Emma se mostró extrañada.

—Por supuesto.

El médico la miró a la cara, como si quisiera estudiar detenidamente su reacción.

—El nivel de alcohol en sangre de su marido es peligrosamente alto. Pese a todo, podemos operarlo, pero el equipo tendrá que saber si esto ha sido algo ocasional o Greg tiene un problema con la bebida.

—Hace un tiempo que bebe bastante, pero me cuesta creer que haya llegado a ese punto —contestó, y buscó la confirmación de Ruth.

—Bebe. Quizá un poco más que la mayoría —dijo la sargento y, por lo menos en eso, fue sincera—. Pero… —Recordó la botella de whisky vacía tirada junto a la butaca de Carver—. Esto es… inusual.

El doctor asintió con la cabeza.

—Nos vendrá muy bien saberlo.

Emma interpretó sus palabras como una buena señal y le sonrió agradecida.

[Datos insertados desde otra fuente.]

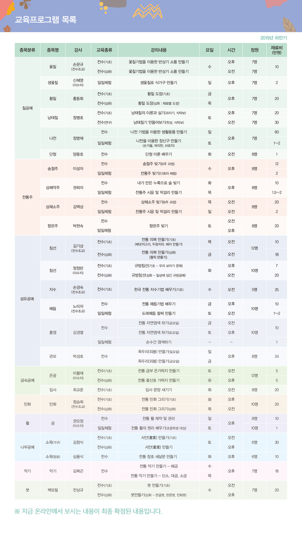 '수강신청 > 전수교육' 페이지에 순차적으로 업데이트 될 예정입니다.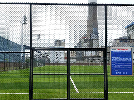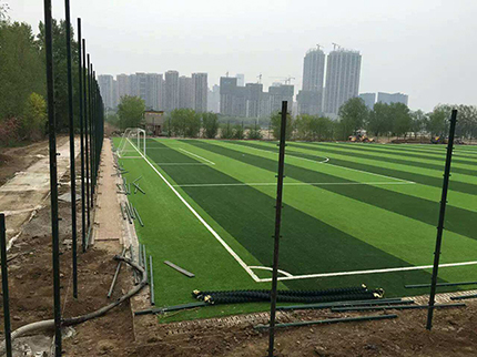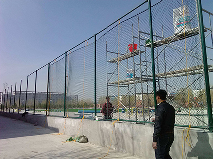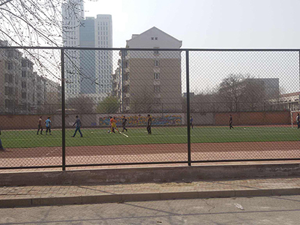 (6)足球場圍網球門:球門應設在每條球門線的中央,由兩根相距7.32米、與兩面角旗點相等距離、直立門柱與一根下沿離地面2.44米的水平橫木連接組成,為確保安全,無論是固定球門或可移動球門都必須穩定地固定在場地上。門柱及橫木的寬度與厚度,均應對稱相等,不得超過12厘米。 球網附加在球門后面的門柱及橫木和地上。球網應適當撐起,使守門員有充分活動的空間。

Él miró de reojo a Ruth. La sargento llevaba el tiempo suficiente siendo policía como para saber que el pronóstico de los bebedores habituales nunca era bueno en los casos de traumatismo. Se lo explicó a Emma.

—El hábito de consumo de alcohol de Greg —prosiguió el doctor— supone un riesgo adicional asociado a la anestesia, incluso antes de operar. Pero el peligro de que se produzcan lesiones cerebrales graves e irreversibles es aún mayor si no lo hacemos.

Emma asintió, aturdida, y el médico se volvió hacia Ruth, encogiéndose ligeramente de hombros. Parecía joven para estar haciendo esa clase de trabajo. No el enfrentarse a la muerte en sí (Ruth no tenía ni veinticuatro años cuando había trabajado en su primer caso de asesinato), sino a lo que venía después. Por aquel entonces, siempre había agradecido que la tarea de comunicar a los familiares la mala noticia recayera en otros. Cuánto más difícil debía ser hablar con los familiares de situaciones en las que el paciente se debatía entre la vida y la muerte, ayudarlos a tomar decisiones que, si las cosas iban mal, podían resultar en una muerte en vida.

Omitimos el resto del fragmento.